No.1とNo.2であるが、これまでのサンプルに比べると1−2ms長く後燃えしている。またNo.4は今回のサンプル中最も難解な燃料で、写真を見ても分かるように火炎があまりに短く、大半の燃料が未燃で終わっている可能性もある、このような燃料の燃焼性の判定には、火炎写真と熱発生率・熱発生割合の同時評価が必要と思われる。
No.9は前述のBFO−A、NYK−1と同様、アメリカ西海岸の港で補油されスカッフィングを発生させたものである。図のようにこれまでのサンプルに比べて3msほど後燃えが長くなっている。

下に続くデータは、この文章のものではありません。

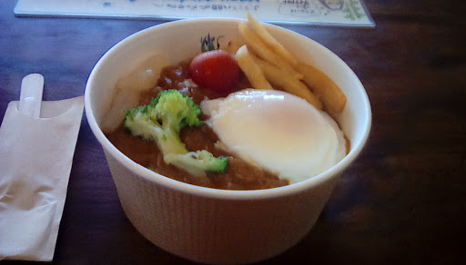 フルーツカレー(税込み550円)とかぐや姫パフェ(税込み450円)を食べました。 カレーソースにからさやスパイスの香りは全くなく、食後に口の中が粘つく感じもありません。また、黄身がとろけ出る目玉焼き、フライドポテト、ミニトマトがトッピングされているので、小さな子どもの舌にも合うでしょう。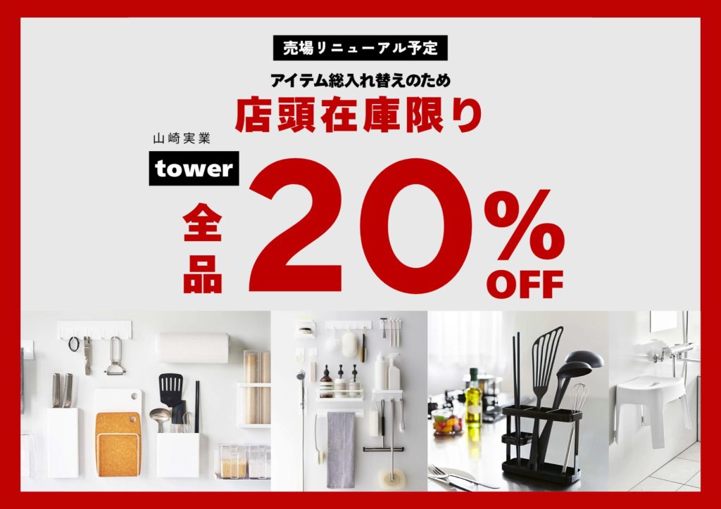 売場リニューアルのため、店頭在庫限りでtower商品が全品20%OFF。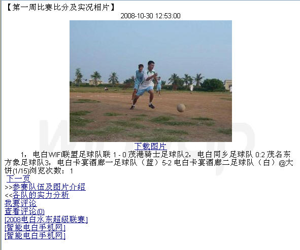 大饼 荣誉会员 荣誉会员 注册 2007-12-24 消息 389 反馈评分 0 点数 0 2008-10-30 #1 “智能电白手机网”实时报道“2008首届电白水东超级联赛 ”最新赛况 手机WAP网址:http://ai0668.wapai.cn/ 附件 Snap1.jpg 63 KB · 查看: 114 Snap2.jpg 31.7 KB · 查看: 129 Snap3.jpg 15.7 KB · 查看: 122 Snap4.jpg 47.1 KB · 查看: 137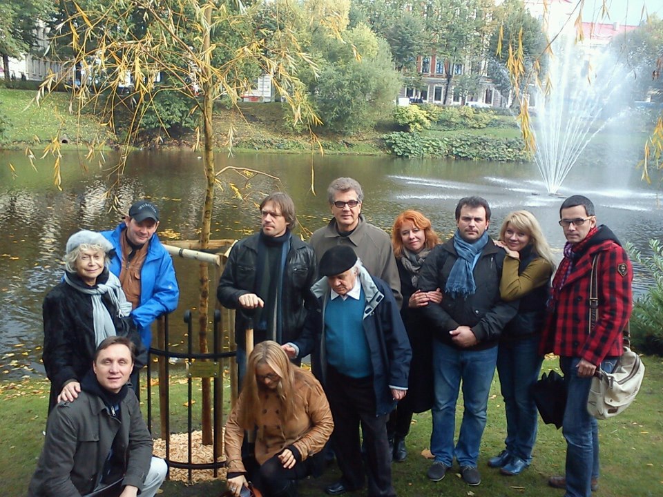 Сегодня актеры московского театра им. Маяковского и питерской Александринки, пребывающие в Ригу в рамках театрального фестиваля "Золотая маска в Риге", посадили пять саженцев золотолистой ивы на берегу Рижского городского канала. Ранее на этом месте уже росли ивы, но их сгрызли рижские бобры.

No.10は南米パラナグア油である。図から分かるようにBFO−Aに匹敵する燃焼性の悪さを示す。火炎発生位置が低いため上窓では火炎は観察できず、下窓の中間に火炎が浮いているように見える。また火炎の消滅は他の燃料に比べて4ms以上遅くなっている。
No.11は南アフリカ油である。これもNYK−1に匹敵するような燃焼性の悪さを示す。火炎発生位置がほとんど下窓の上端程度であり、後燃え時の火炎が長くまた微細な火炎は噴射終了後6msでも視認できる。さらに写真には出していないが、この燃料では火炎が消滅した後に火の粉状の発光(噴射終了後さらに40msまでも)が毎回見られた。
以上の結果から、 No.10,No.11を使用した場合は、BFO−A、NYK−1、No.9と同様に燃焼に起因するトラブルが危惧される。